The problem LoRA solves

Full fine-tuning updates every weight in the model. For an 8B-parameter model that means holding the weights, their gradients, and optimizer state (Adam keeps two extra numbers per weight) in GPU memory at once — easily 60–80 GB. That's a data-center GPU, not a free notebook.

LoRA (Low-Rank Adaptation) makes a bet: the change you need to make to a big weight matrix during fine-tuning is "low-rank" — it can be approximated by multiplying two much smaller matrices. So instead of updating a frozen weight matrix W (say 4096×4096 ≈ 16.7M numbers), you freeze it and learn a small correction B·A:

output = W·x  +  (B·A)·x        W is frozen; only A and B are trained
                                A: 4096×r   B: r×4096   with rank r ≈ 8–32

With r = 16, that's 2 × 4096 × 16 ≈ 131K trainable numbers in place of 16.7M — about 0.8%. Across the model you typically train well under 1% of the parameters, so gradients and optimizer state shrink by the same factor. Small enough to fit; fast to train; and the adapter saves as a file of a few MB instead of a multi-GB model copy.

QLoRA: go one step smaller

LoRA shrinks the trainable part, but you still have to hold the frozen base model in memory to run the forward pass. QLoRA quantizes that frozen base to 4-bit (from 16-bit), cutting the base's memory roughly 4×, while the small LoRA adapters stay in higher precision and are what actually train. Net effect: an 8B model that needed a big GPU now fits in ~the 15 GB a free Colab T4 gives you.

★ The one-line mental model ───────────────────── LoRA = train tiny adapters, freeze the rest. QLoRA = LoRA + a 4-bit frozen base so it fits a small GPU. Same training signal, a fraction of the memory. ─────────────────────────────────────────────────

The knobs that matter

When you read the notebook, these are the LoRA settings to understand (the rest are sensible defaults):

| Setting | What it does | Typical | |---|---|---| | r (rank) | Size of the adapters → capacity to learn | 8–32 (start at 16) | | lora_alpha | Scales the adapter's effect; often set to r or 2r | 16–32 | | target_modules | Which layers get adapters (attention projections, sometimes MLP) | q_proj,k_proj,v_proj,o_proj | | lora_dropout | Regularization on the adapter | 0–0.1 |

Higher r = more capacity but more memory and more overfitting risk on small datasets. For a first run, the notebook's defaults are deliberately good — change the data, not the hyperparameters, until you have a baseline.

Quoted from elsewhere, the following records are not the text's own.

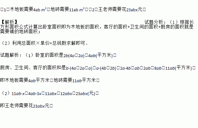 (2)如果地砖的价格为每平方米x元,木地板的价格为每平方米3x元,那么王老师需要花多少钱?
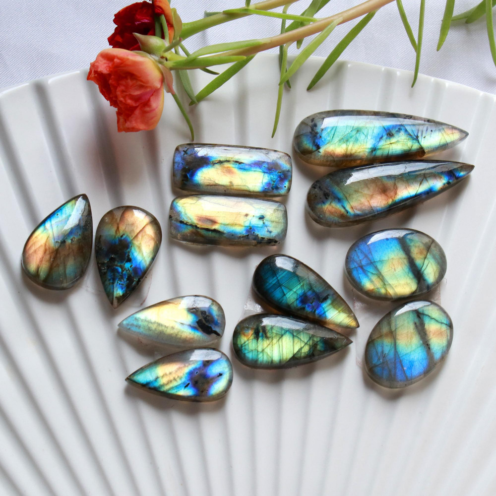 6 Pairs 173 Cts Natural Labradorite Cabochon Pair For Dangle Earring Labradorite Loose Gemstone Lot For Jewelry Making 30x14 15x15mm #15808
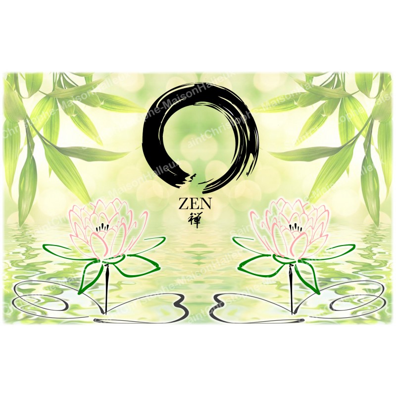 La pegatina está ilustrada con un estanque con dos flores de loto y el símbolo zen.

Run it — the official notebook

The cleanest hands-on path is Unsloth's notebooks (they wrap Hugging Face PEFT/TRL with big speed and memory wins and run on the free tier):

What you'll see it do, in order:

1. Load a 4-bit base model (that's the Q in QLoRA).
2. Attach LoRA adapters with a LoraConfig (the knobs above).
3. Format a dataset into instruction/response pairs (it uses Alpaca — swap in your behavior data here; this is the part that actually matters).
4. Train for a few hundred steps — minutes, not hours.
5. Save the adapter (a few MB) and run a quick before/after generation.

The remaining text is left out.